-- DATA FOR THE TASK follows --

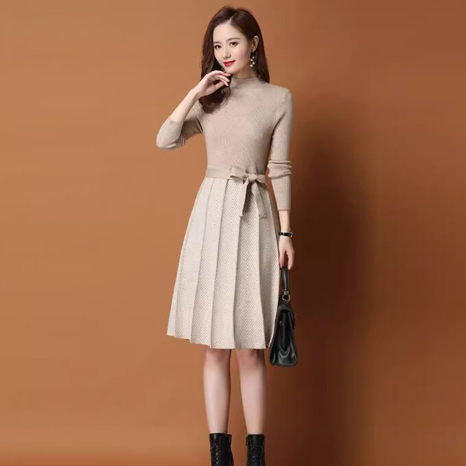 スカート ワンピース ニット セーター プルオーバー ドレス レディース プリーツスカート 膝丈 長袖 ハイネック スリム 細身 スマート プリーツ リボン ウエストリボン ハイウエスト かわいい 大人可愛い きれいめ シンプル カジュアル 上品 おしゃれ かっこいい レトロ アジアン こなれ感 ラフ 個性的 エレガント モダン 主役級 存在感 とろみ感 抜け感 ラブリー キュート ベーシック ロマンティック 秋 冬 デート お出かけ レストラン ホテル 合コン 婚活 コーデ 美脚 脚長 モテ 清楚
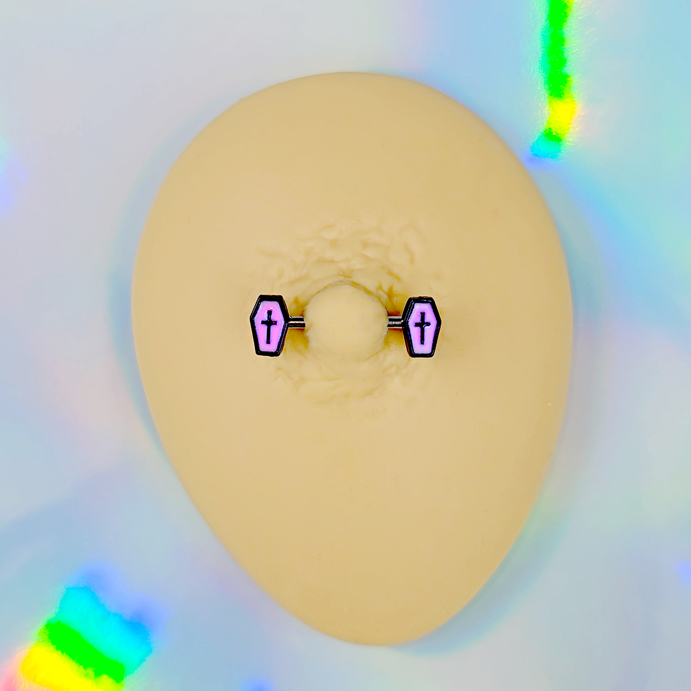 Bring your nipple piercings back from the dead this Halloween with this 14 gauge nipple jewelry! It's made with 14mm durable 316L surgical grade stainless steel straight barbells. Each of the ends features a light purple casket charm, with black detailing and cross embellishments. The coffins glow when the lights go out for a creepy cute look you'll love! You'll be glowing with joy when you're rocking these spooky coffin nipple piercing rings! Sold as a set of two.Specifications
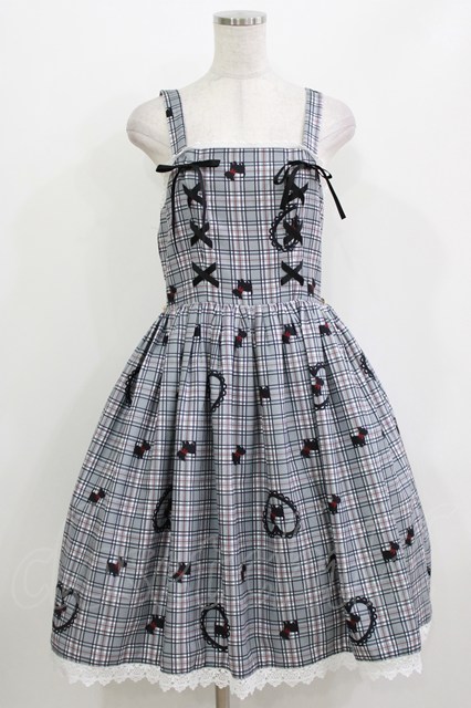 axes femme kawaii / おさんぽテリア柄ジャンスカ M グレー H-26-04-28-002-AX-OP-NS-ZH
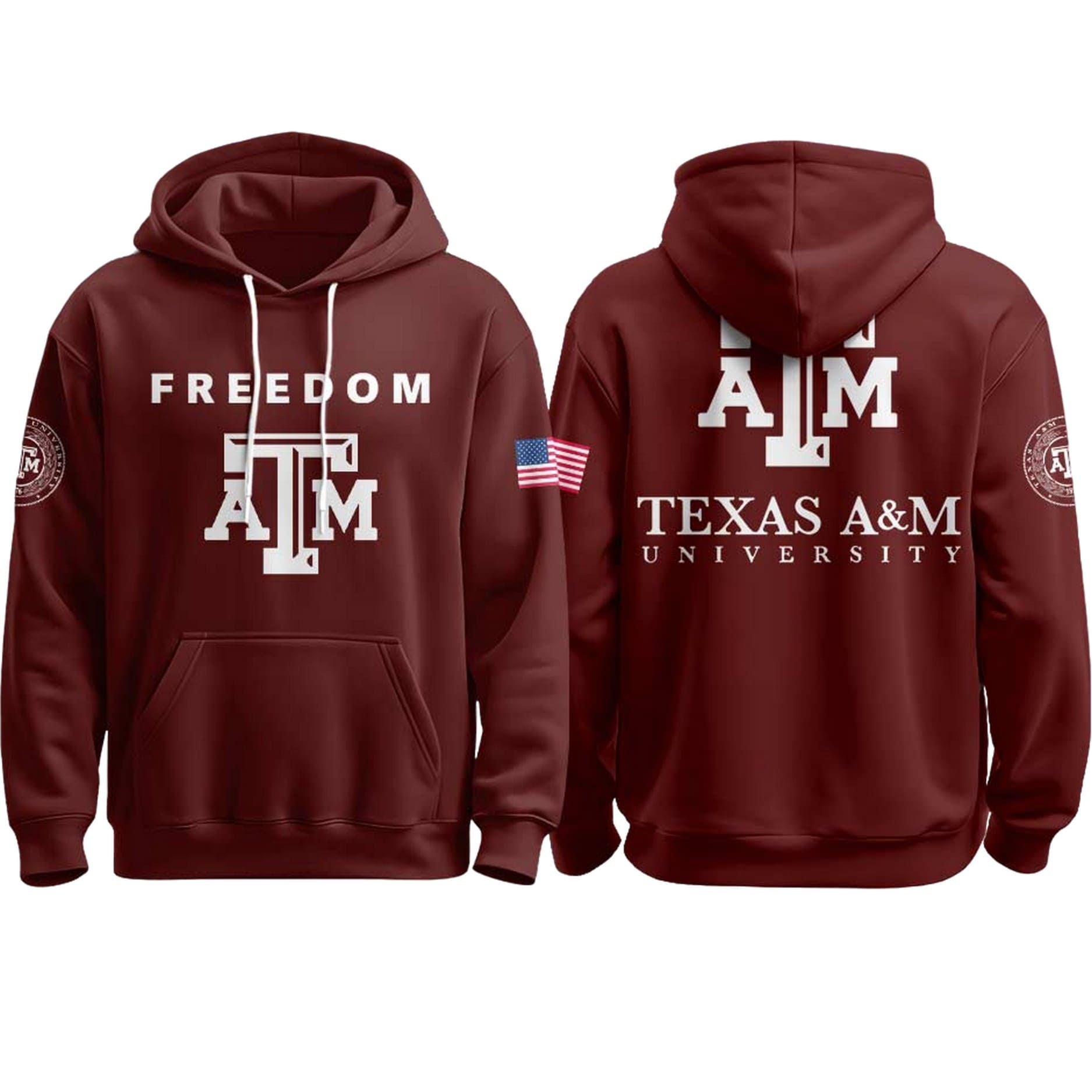 Showcase your deep pride in both your university and your country with the bold Texas A&M Freedom Hoodie!
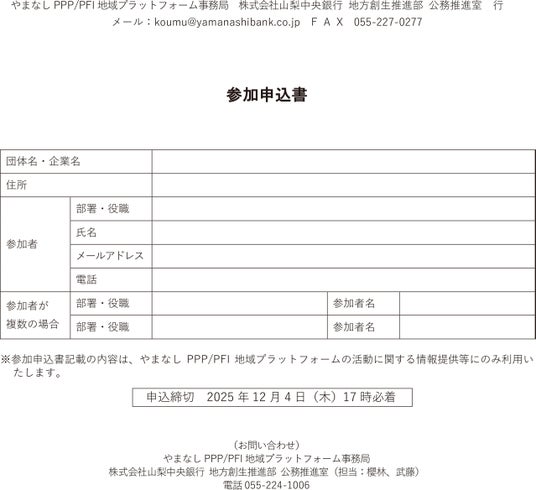 やまなしPPP/PFI地域プラットフォーム(事務局:山梨中央銀行、山梨県)は、地方公共団体におけるPPP/PFI事業の推進と、民間事業者の事業参画を支援するため、「PPP/PFIセミナー」を開催します。
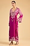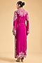Featuring a pink long dress in dupion silk base with mirror work. It is paired with an inner. Accentuate it with statement jewellery, a clutch bag and strappy heels for sangeet ceremonies.
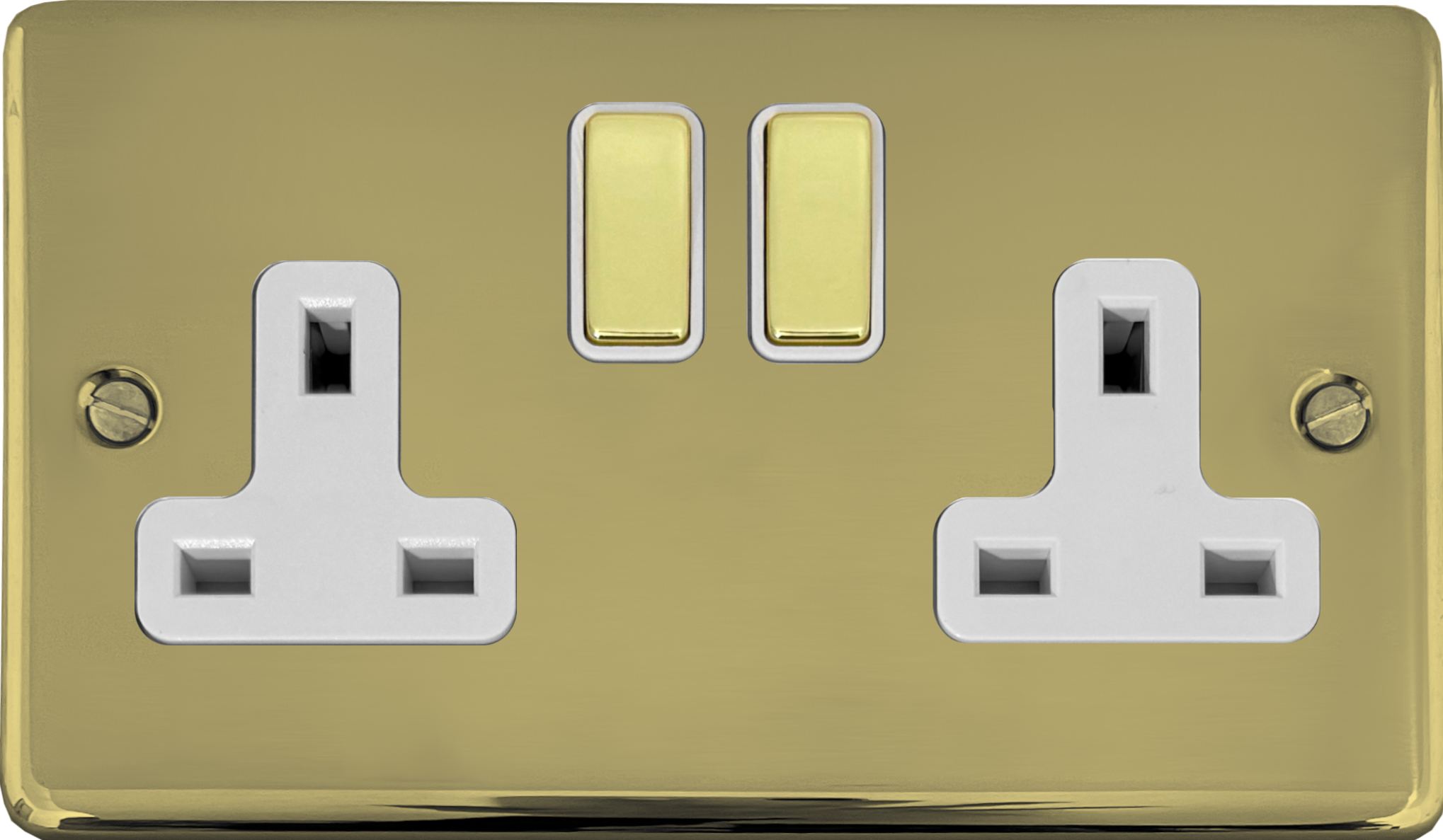 Contour Polished Brass Double Socket (Brass Switches/White Inserts) - G+H CB210

-- DATA FOR THE TASK concluded --

* **WHAT NEEDS TO BE DONE**
Although the records contain pictures, your copy should hold only the text, reproduced exactly.

* **ANSWER SECTION**
 スカート ワンピース ニット セーター プルオーバー ドレス レディース プリーツスカート 膝丈 長袖 ハイネック スリム 細身 スマート プリーツ リボン ウエストリボン ハイウエスト かわいい 大人可愛い きれいめ シンプル カジュアル 上品 おしゃれ かっこいい レトロ アジアン こなれ感 ラフ 個性的 エレガント モダン 主役級 存在感 とろみ感 抜け感 ラブリー キュート ベーシック ロマンティック 秋 冬 デート お出かけ レストラン ホテル 合コン 婚活 コーデ 美脚 脚長 モテ 清楚
 Bring your nipple piercings back from the dead this Halloween with this 14 gauge nipple jewelry! It's made with 14mm durable 316L surgical grade stainless steel straight barbells. Each of the ends features a light purple casket charm, with black detailing and cross embellishments. The coffins glow when the lights go out for a creepy cute look you'll love! You'll be glowing with joy when you're rocking these spooky coffin nipple piercing rings! Sold as a set of two.Specifications
 axes femme kawaii / おさんぽテリア柄ジャンスカ M グレー H-26-04-28-002-AX-OP-NS-ZH
 Showcase your deep pride in both your university and your country with the bold Texas A&M Freedom Hoodie!
 やまなしPPP/PFI地域プラットフォーム(事務局:山梨中央銀行、山梨県)は、地方公共団体におけるPPP/PFI事業の推進と、民間事業者の事業参画を支援するため、「PPP/PFIセミナー」を開催します。
Featuring a pink long dress in dupion silk base with mirror work. It is paired with an inner. Accentuate it with statement jewellery, a clutch bag and strappy heels for sangeet ceremonies.
 Contour Polished Brass Double Socket (Brass Switches/White Inserts) - G+H CB210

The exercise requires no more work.